Work task: Leave every picture out and return the rest of the listing verbatim.

Supplied data:
◇ ◇ ◇
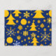 Cette carte de Noël étincelle avec une mer de flocons de neige dorés et d'arbres de Noël, le tout sur un fond bleu royal, évoquant la splendeur d'un Noël ukrainien traditionnel avec une touche artistique moderne.
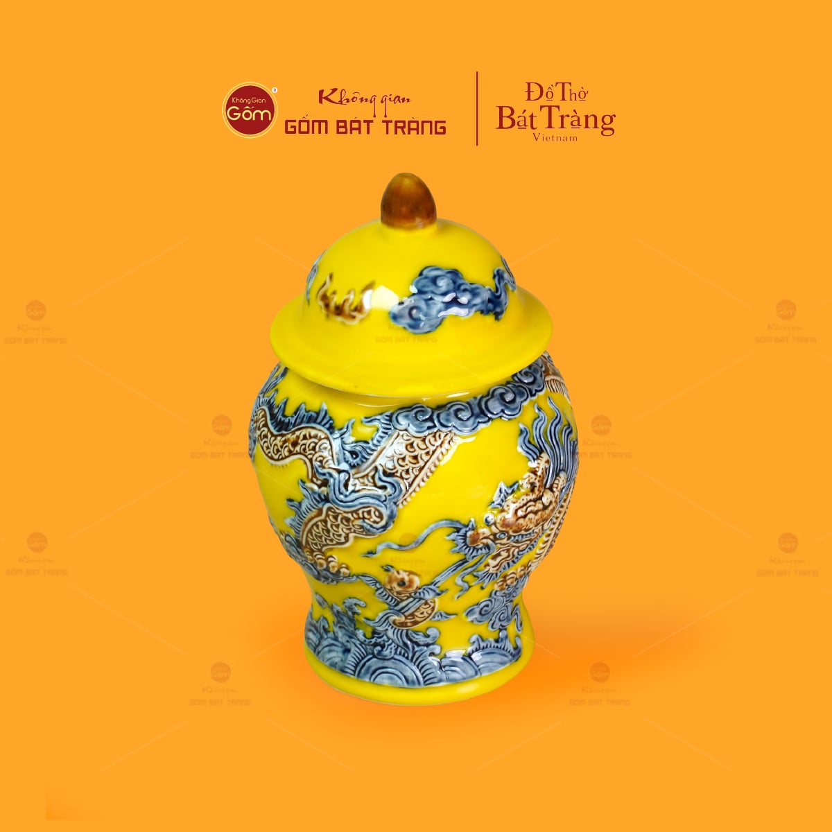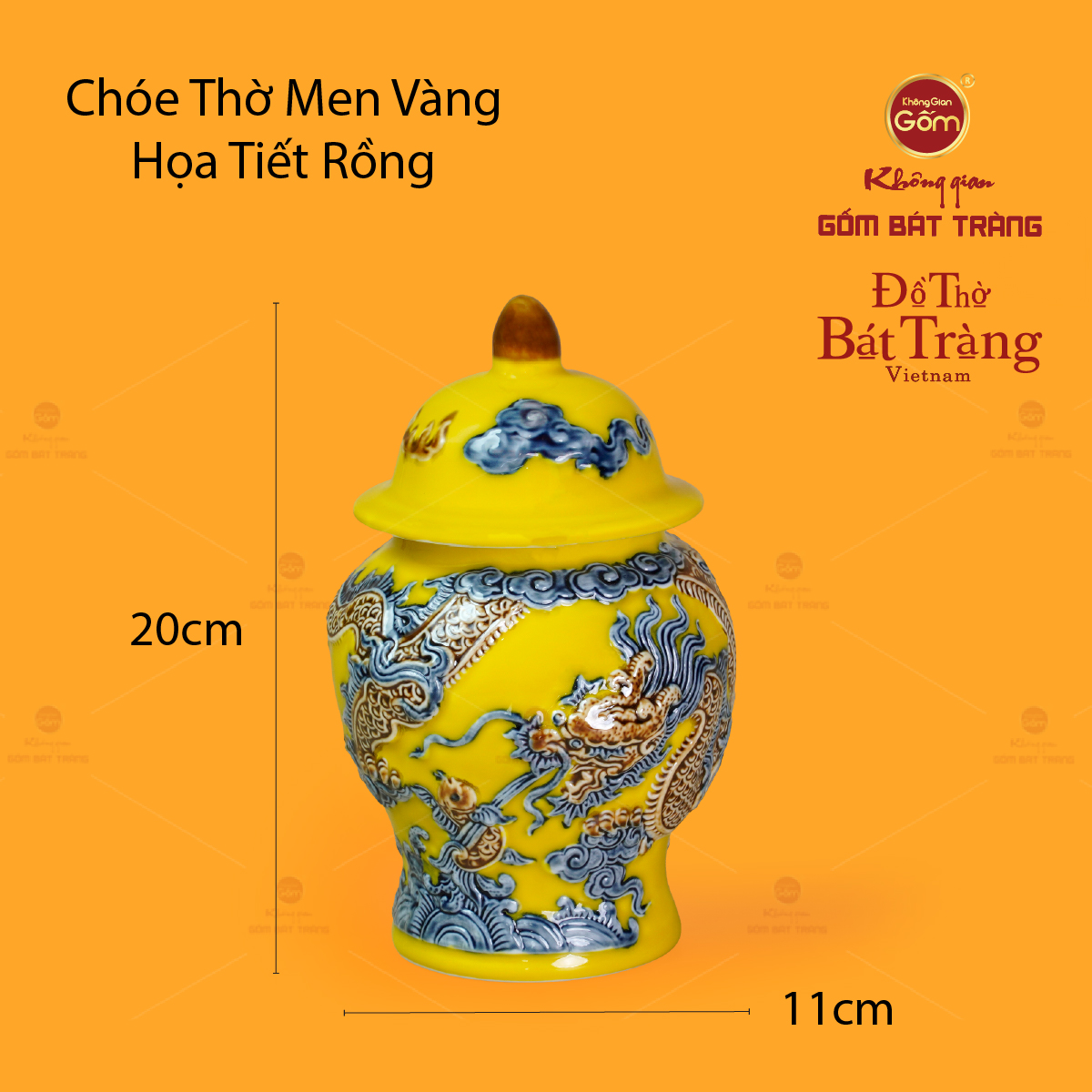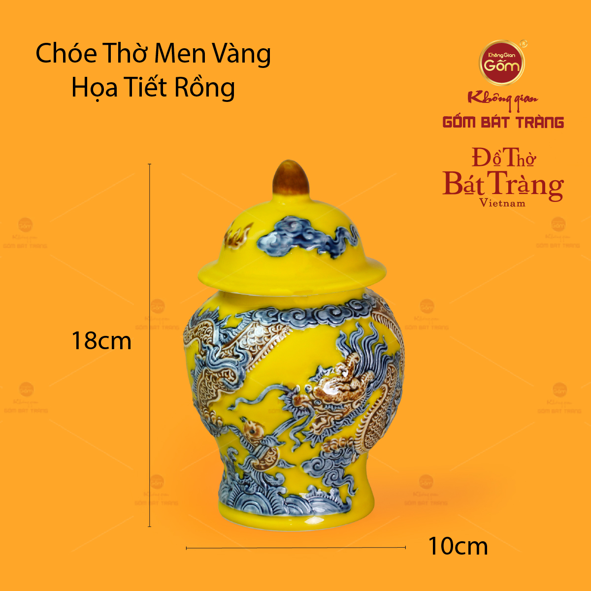 Tại Không Gian Gốm Bát Tràng, mỗi chiếc chóe là kết quả của hàng chục giờ lao động tỉ mỉ, trải qua quá trình tạo hình, tráng men, vẽ họa tiết và nung ở nhiệt độ cao. Nhờ kỹ thuật nung chuẩn xác, sản phẩm đạt độ bền vượt trội, không rạn nứt, giữ màu men và họa tiết sắc nét qua thời gian. Chóe Thờ Men Vàng Họa Tiết Cá Chép Hóa Rồng không chỉ là vật phẩm thờ cúng, mà còn là biểu trưng của mỹ học gốm Việt – nơi nghệ thuật và tâm linh giao hòa. Mỗi sản phẩm đều mang dấu ấn riêng, bởi toàn bộ họa tiết đều được vẽ tay, thể hiện sự tỉ mỉ và tâm huyết của người thợ.
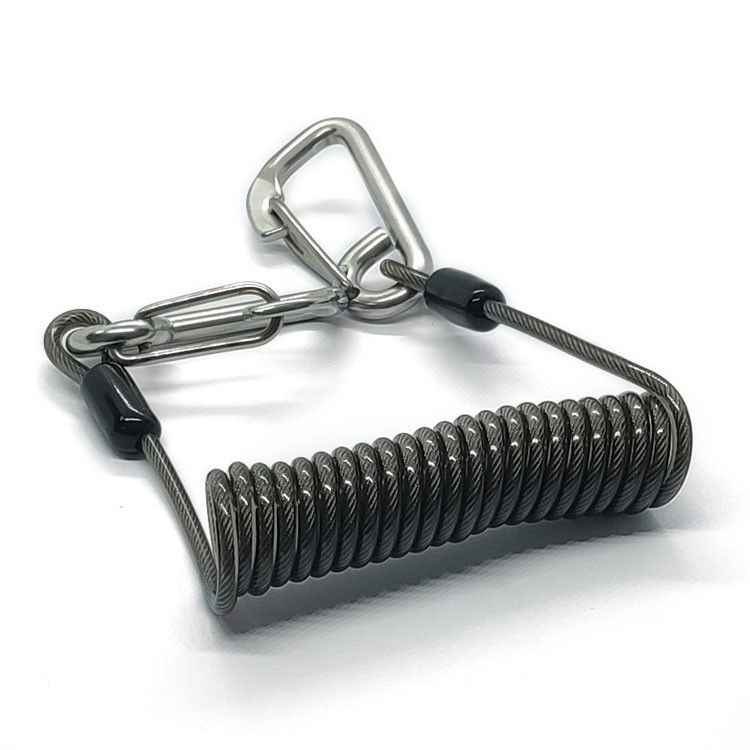 Extension Spring Safety Cable Retractable Fishing Lanyard are an intermediate device that go between your attachment point (tethered tool) and your anchor point (holster, harness, belt, bag etc.).
◇ ◇ ◇
Exercise result:
 Cette carte de Noël étincelle avec une mer de flocons de neige dorés et d'arbres de Noël, le tout sur un fond bleu royal, évoquant la splendeur d'un Noël ukrainien traditionnel avec une touche artistique moderne.
 Tại Không Gian Gốm Bát Tràng, mỗi chiếc chóe là kết quả của hàng chục giờ lao động tỉ mỉ, trải qua quá trình tạo hình, tráng men, vẽ họa tiết và nung ở nhiệt độ cao. Nhờ kỹ thuật nung chuẩn xác, sản phẩm đạt độ bền vượt trội, không rạn nứt, giữ màu men và họa tiết sắc nét qua thời gian. Chóe Thờ Men Vàng Họa Tiết Cá Chép Hóa Rồng không chỉ là vật phẩm thờ cúng, mà còn là biểu trưng của mỹ học gốm Việt – nơi nghệ thuật và tâm linh giao hòa. Mỗi sản phẩm đều mang dấu ấn riêng, bởi toàn bộ họa tiết đều được vẽ tay, thể hiện sự tỉ mỉ và tâm huyết của người thợ.
 Extension Spring Safety Cable Retractable Fishing Lanyard are an intermediate device that go between your attachment point (tethered tool) and your anchor point (holster, harness, belt, bag etc.).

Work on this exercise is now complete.